Price Target: 12-Month S$0.82 (Prev S$0.80)
Double-digit growth & 4.5% yield
• Existing backlog enough for FY14F revenue
• Pursuing seven deals at the moment, big order win from a Malaysian bank could be a catalyst
• Maintain BUY with revised TP of S$0.82 implying potential returns of over 18%.
Backlog of ~RM325m at the end of FY13 provides 12-month visibility. The backlog contains a mix of licence & project revenue and has been boosted RM40- 50m by acquisitions of Merimen (insurance processing) and Cyber Village (mobile & Internet banking) recently. Both these acquisitions also demonstrate how SILV is expanding its presence from core banking into adjacent sectors. In addition to the backlog, SILV is set to secure a recurring maintenance revenue of ~RM200m (~45% of group revenue) in FY14F.
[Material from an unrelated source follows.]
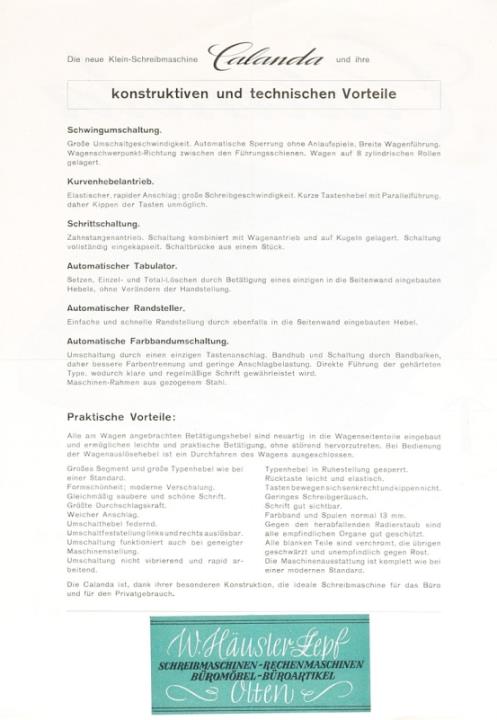Prospekt für Schreibmaschine Calanda Nr. 277

Pursuing several big and small contracts in FY14F, which may enhance backlog further. SILV is pursuing seven contracts - two in Malaysia, one each in Thailand, Myanmar and Cambodia and two outside ASEAN. SILV secured three contract wins and four upgrades last year. In our view, SILV is a strong contender to secure a big contract over RM200m from a Malaysian bank before end of 2013, which could boost the visibility from 12 months to 24 months.
Trading at 15-20% discount despite better growth prospects. Relative to its banking software peers - Temenos & Oracle Financial Service (OFS) - SILV has been growing faster as it is not exposed to a slower banking sector in Europe & US. On top of this, SILV’s maintenance revenue accounts for 45% of revenue, similar to Temenos but much higher than OFS. We contend that SILV should trade at least 20x FY14F PE, as OFS & Temenos trade at 20x & 22x respectively. SILV is cash rich with net cash of RM335m at the end of FY13.